[Lorna Doone A Romance of Exmoor by R. D. Blackmore]@TWC D-Link bookLorna Doone A Romance of Exmoor CHAPTER XIII 10/14
Then a distant noise went by me, as of many horses galloping, and in my fright I set my gun and said, 'God send something to shoot at.' Yet nothing came, and my gun fell back, without my will to lower it. But presently, while I was thinking 'What a fool I am!' arose as if from below my feet, so that the great stone trembled, that long, lamenting lonesome sound, as of an evil spirit not knowing what to do with it.
For the moment I stood like a root, without either hand or foot to help me, and the hair of my head began to crawl, lifting my hat, as a snail lifts his house; and my heart like a shuttle went to and fro.
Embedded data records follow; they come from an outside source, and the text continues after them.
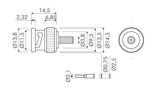 ** Caratteristiche Generali **Genere: SpinaTipo Connettore: BNCFoglio tecnico: UG260Orientamento: DrittoQualità: Qualità StandardAdatto per cavo RG: RG-59/U RG62/U RG210/U** Caratteristiche Elettriche **Impedenza: 75ohm** Caratteristiche Meccaniche **Materiale Corpo: Ottone nichelatoTipo contatto: a saldare o crimpareTerminazione: a crimpareMontaggio connettore: volanteDiametro cavo nom: 6mm
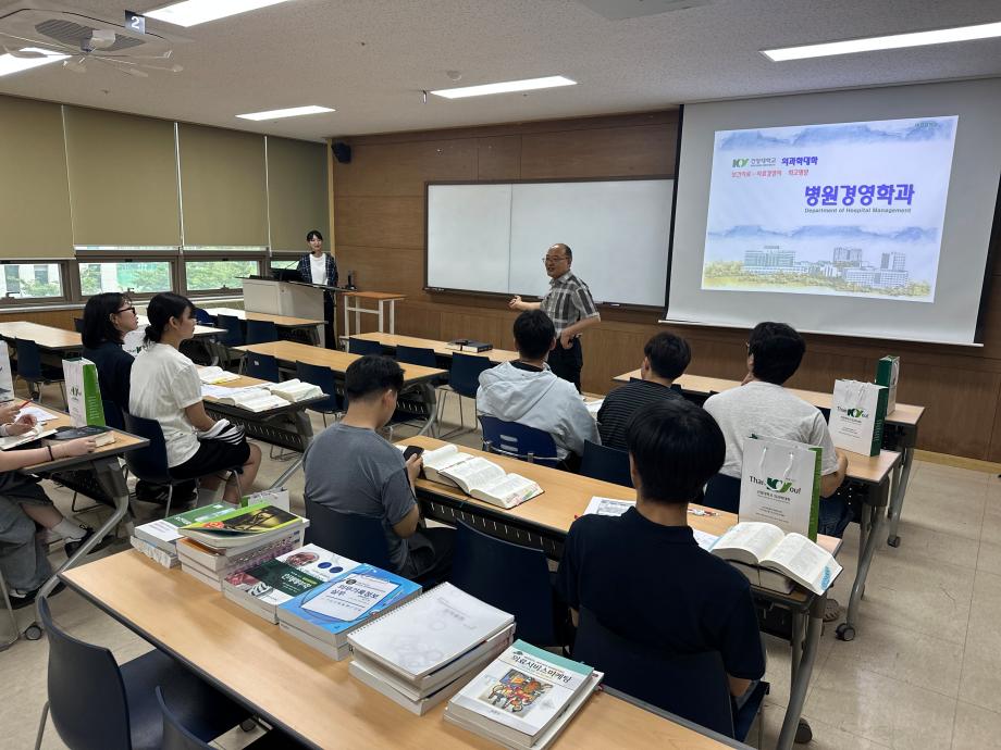 학과체험 프로그램에서는 학과 소개와 함께 KCD 1권, 3권을 이용해 질병을 분류하는 방법을 교수님께서 직접 가르쳐 주시며 학과에서 어떤 것을 학습하게 되는지 체험하였고, 그 후에는 학과 정규 동아리와 행사를 소개하는 시간을 가졌습니다.
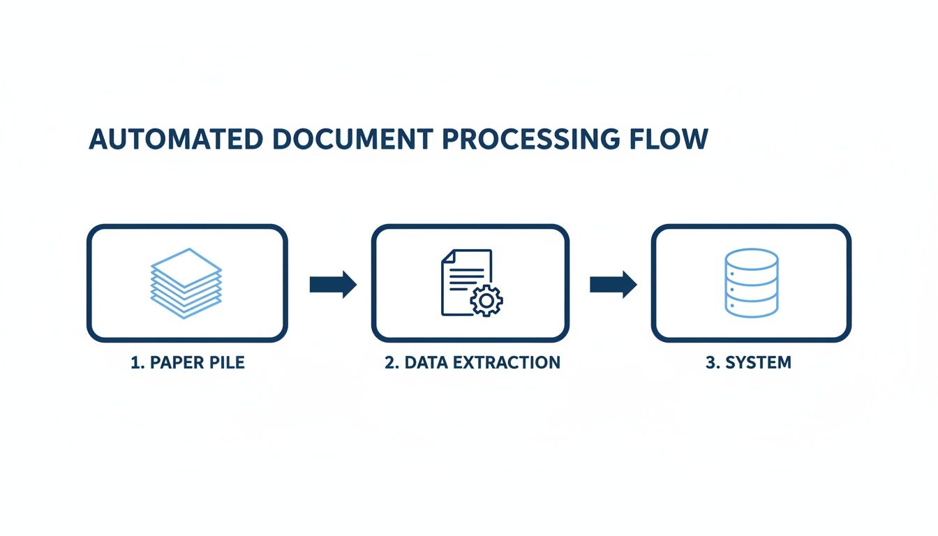 Automated document processing is a fancy term for something simple: teaching software to read and understand your business documents for you. Instead of someone manually typing information from an invoice into a spreadsheet, the software does it instantly—and without typos. This gets your team away from mind-numbing data entry and back to work that actually matters.
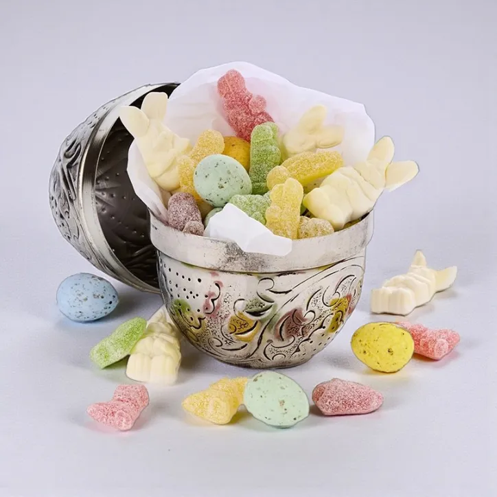 Dette eksklusive sølvæg forener påskens søde fristelser med et elegant og tidløst design. Indeni gemmer sig en lækker blanding af sprøde nougat fugleæg, syrlige påskevingummier og fine skumharer, som tilsammen skaber variation i både smag, tekstur og farver.
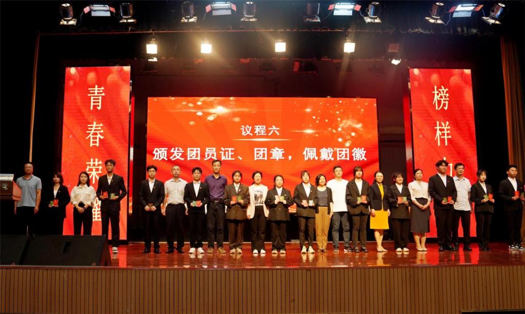 校團委副書記廖國臣、徐穎分別宣讀了2022年度共青團工作優秀集體和先進個人表彰文件、2023年新團員名單。與會校領導及職能部門領導分別為受到表彰的先進集體及個人頒獎,各黨總支負責人為新團員頒發了團員證并佩戴團徽。
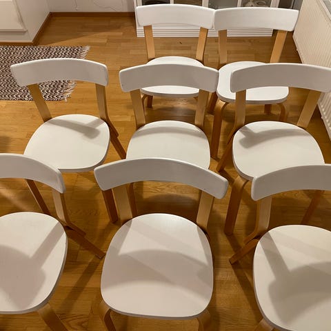Myydään 2 kpl Artek K35 työtuoleja. Normaalia käytön jälkeä. Tuolit nyt Taivassalossa, toimitus Turun alueelle sopimuksen mukaan. Hinta kahdelta kappaleelta yhteensä.
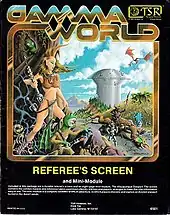 Gamma World Referee's Screen and Mini-Module was designed by Paul Reiche III, with a cover by Erol Otus (1st ed.) or Keith Parkinson (2nd ed.), and was published by TSR in 1981 as a cardstock screen with a 16-page booklet.[2] A second edition was published in 1983 as a cardstock screen with an 8-page booklet.[2]
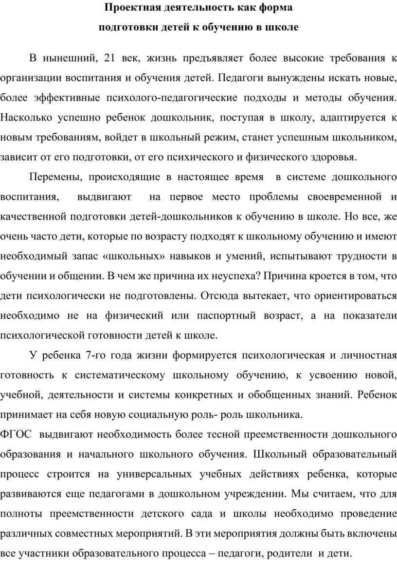 Перемены, происходящие в настоящее время в системе дошкольного воспитания, выдвигают на первое место проблемы своевременной и качественной подготовки детей-дошкольников к обучению в школе. Но все, же очень часто дети, которые по возрасту подходят к школьному обучению и имеют необходимый запас «школьных» навыков и умений, испытывают трудности в обучении и общении. В чем же причина их неуспеха? Причина кроется в том, что дети психологически не подготовлены. Отсюда вытекает, что ориентироваться необходимо не на физический или паспортный возраст, а на показатели психологической готовности детей к школе.
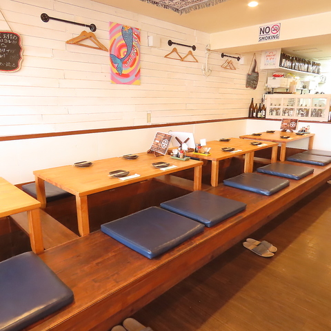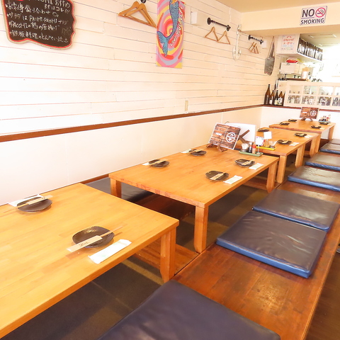 白を基調とした明るく清潔感あふれる内装です♪海の家をイメージしたデザインは、従来の居酒屋のイメージを覆すほどオシャレで開放的◎木の温もりを感じるテーブルやインテリアが配され、リラックスして過ごせる空間が広がっています。
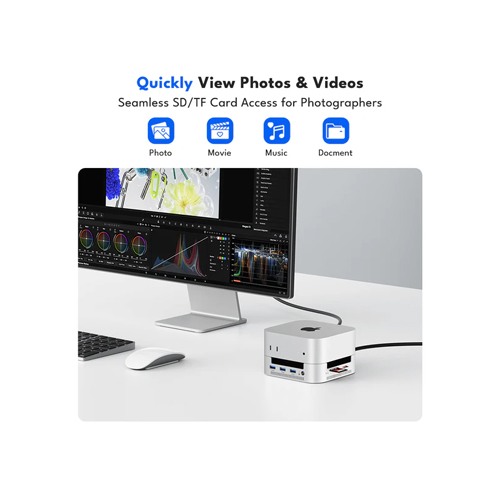 Experience the next generation of connectivity and performance with the Acasis M001Pro 40Gbps Mac Mini M4 Dock & Dual-Bay SSD Enclosure, designed exclusively for creative professionals, developers, and Mac enthusiasts who demand seamless speed and efficiency. This Acasis M001Pro 40Gbps Mac Mini Docking Station is the perfect fusion of power and versatility, offering an elegant design that complements your Mac Mini M4 setup while expanding its functionality to the fullest. With 40Gbps Thunderbolt 4/USB 4.0 compatibility, this Mac Mini M4 Pro Docking Station 40Gbps ensures lightning-fast data transfers, crystal-clear 4K@60Hz video output, and reliable power delivery ideal for multitasking, content creation, and high-speed data management. The Acasis M001Pro High-Speed SSD Dock for Mac Mini features a dual-bay SSD enclosure that supports both NVMe and SATA drives, allowing users to build up to 8TB of fast external storage, perfect for backups, media libraries, and editing projects. This 10-in-1 docking station includes multiple connectivity options HDMI, USB-A, USB-C, SD/TF card reader, Gigabit Ethernet, and an audio combo jack making it the ultimate productivity hub for your Mac Mini M4. The tool-free SSD installation and efficient aluminum alloy design ensure easy setup, excellent heat dissipation, and long-term durability. Whether you’re a designer, video editor, or data professional, the Acasis M001Pro 40Gbps Mac Mini M4 Dock | Best Price in BD delivers everything you need for a high-performance workspace. Enjoy plug-and-play convenience, superior speed, and sleek aesthetics all in one powerful docking solution. If you’re searching for the best Mac Mini M4 Docking Station 40Gbps in Bangladesh, IT SOURCE brings you the genuine Acasis M001Pro Dock with full warranty, after-sales support, and nationwide fast delivery.
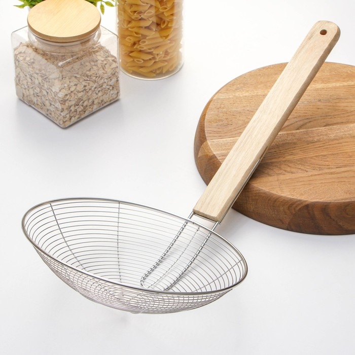 Шумовка для фритюра из нержавеющей стали, 53×20 см, толщина 3 мм, 201 марка стали
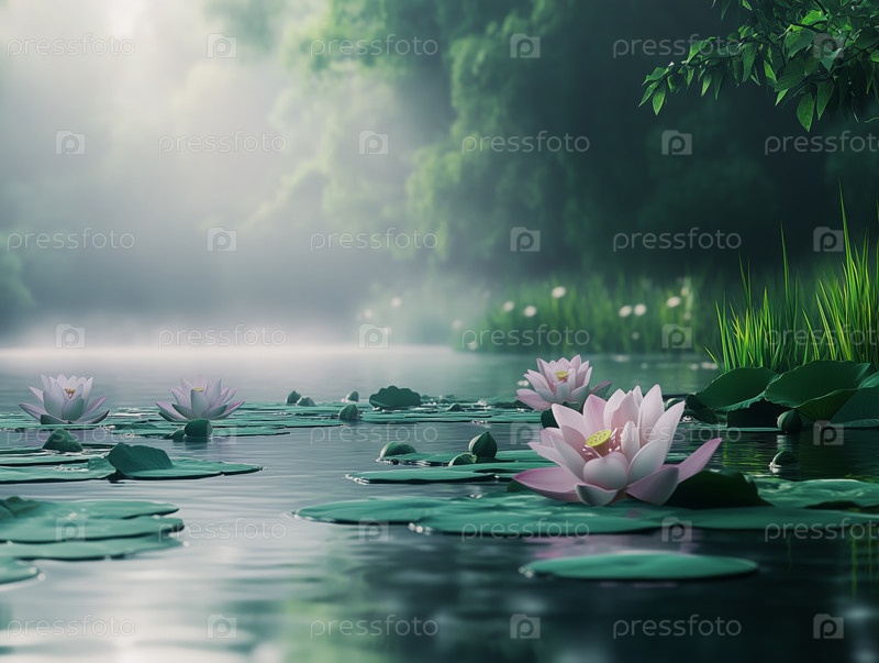 Безмятежные цветы лотоса, плавающие в туманном озере
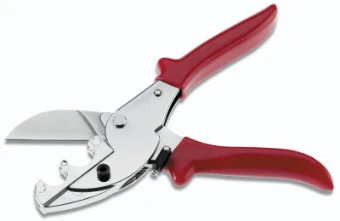 Universele schaar voor buizen en slangen van kunststof, schaar als nr. 12 0210, met voorgemonteerd snij-inzetstuk nr. 12 0213, om rondprofielen met een diameter van 16 mm (5/8") en 19 mm (3/4") te snijden, in het bijzonder buizen (ribbelbuizen) van hard en flexibel kunststof
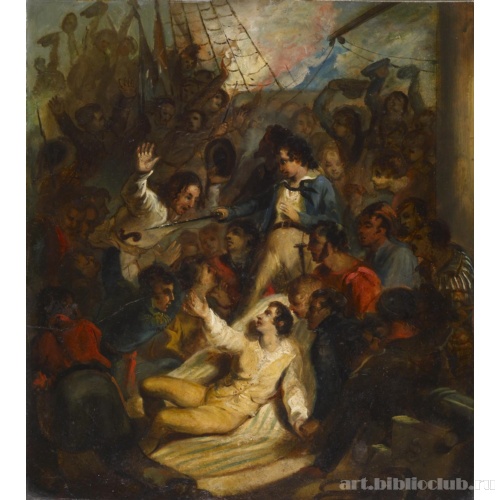 Капитан Джеймс Лоуренс (1781-1813) был смертельно ранен 6 мая 1813 года во время сражения в войне 1812 года между его кораблем ВМС США "Чесапик" и британским фрегатом HMS "Шеннон". Говорят, что, когда Лоуренса несли под палубу, он произнес свою последнюю команду - "Не сда...
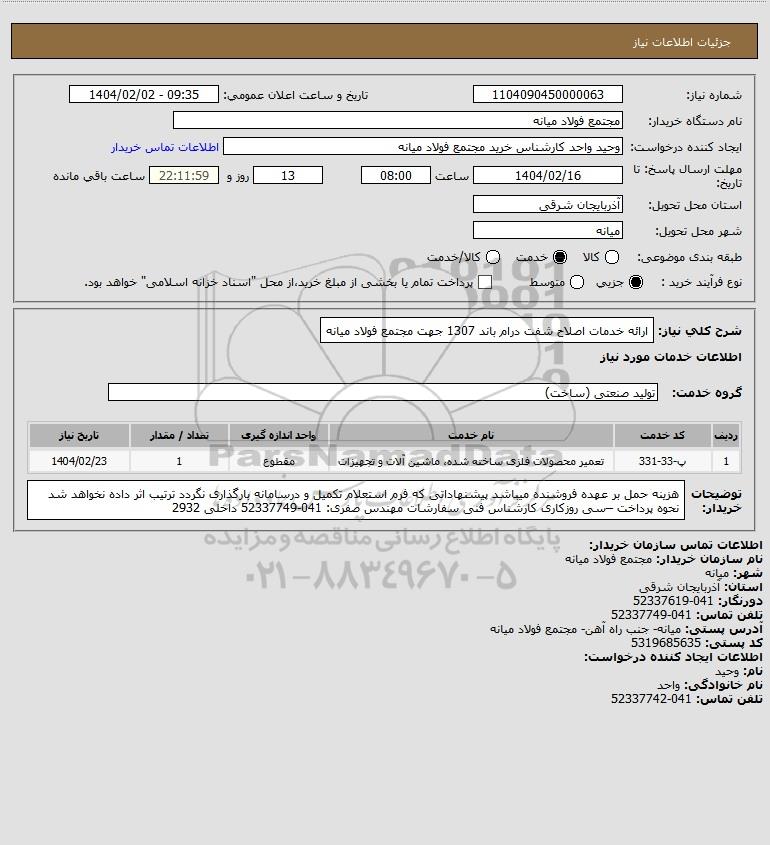 شرح کلی نیاز: ارائه خدمات اصلاح شفت درام باند 1307 جهت مجتمع فولاد میانه
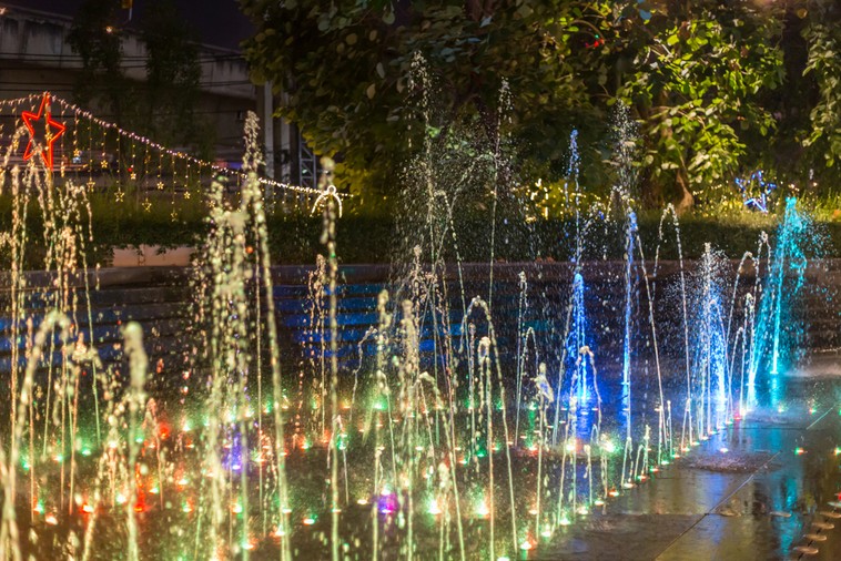 噴水前が記念写真撮影のベストスポットで、夜10時頃までお土産屋さんなどのお店が営業しており、遅くまで人通りが多くにぎやかです。季節のイベントごとに美しい飾り付けが行われ、特にクリスマスシーズンのイルミネーションは圧巻です。
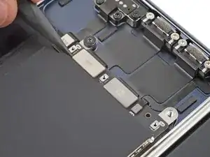 При сборке винты будут притягиваться к магниту в порту MagSafe. Используйте изогнутый пинцет, чтобы удерживать винты на месте при их закручивании.
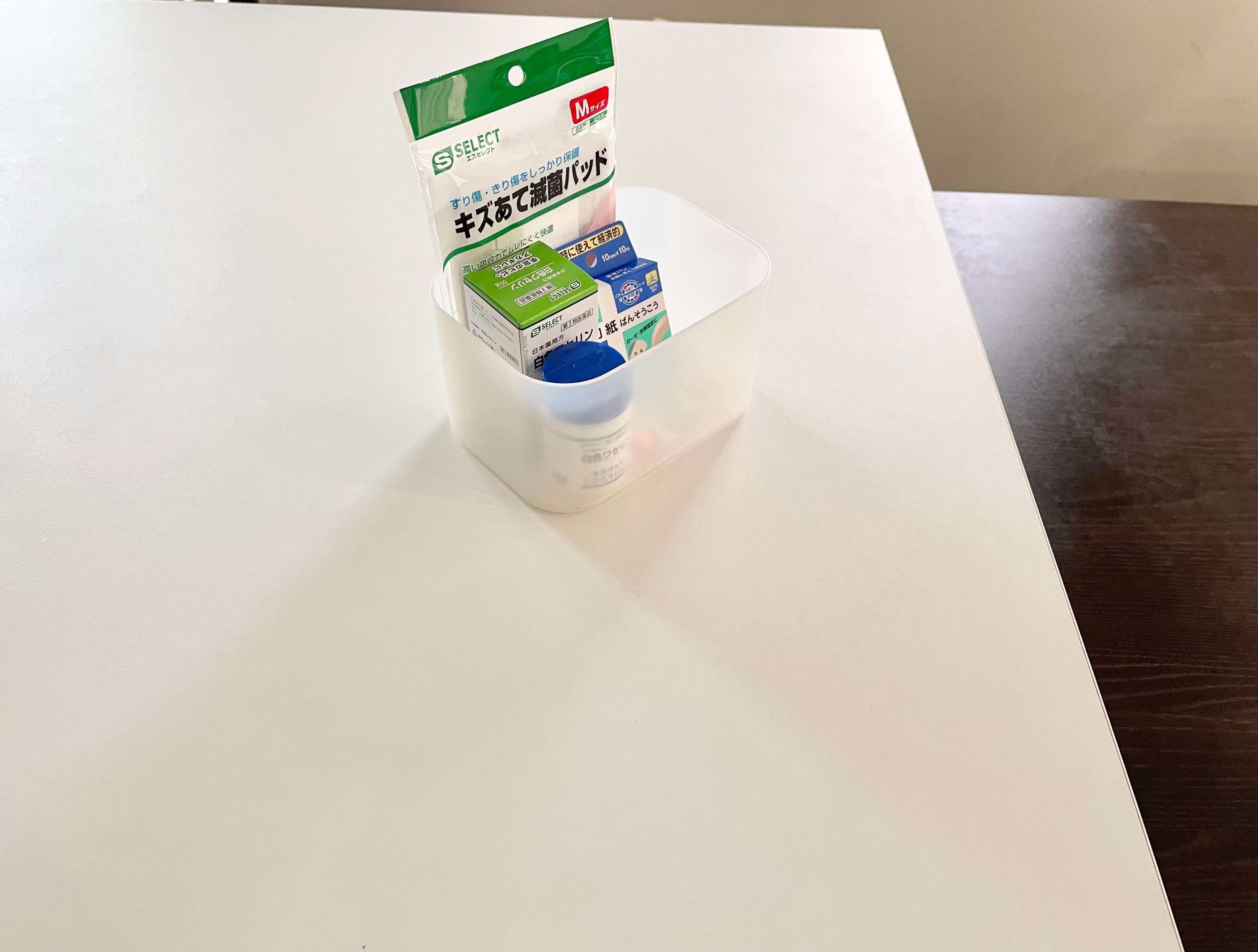 ”だしっぱなし”といっても、薬の袋をバラバラと置くのはスッキリしません。一時置きボックスに入れてまとめます。
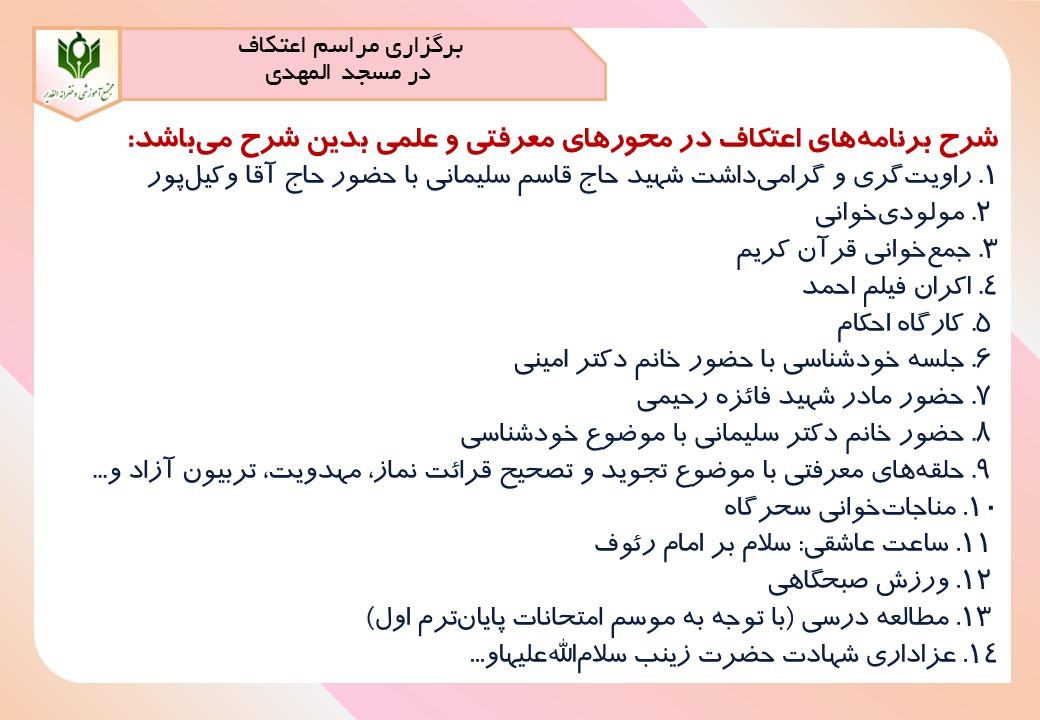 برگزاری مراسم اعتکاف در مسجد المهدی (13 الی 15 دی ماه)

But finding no harm to come of it, neither visible form approaching, I wiped my forehead, and hoped for the best, and resolved to run every step of the way, till I drew our own latch behind me. Yet here again I was disappointed, for no sooner was I come to the cross-ways by the black pool in the hole, but I heard through the patter of my own feet a rough low sound very close in the fog, as of a hobbled sheep a-coughing.
I listened, and feared, and yet listened again, though I wanted not to hear it.
For being in haste of the homeward road, and all my heart having heels to it, loath I was to stop in the dusk for the sake of an aged wether.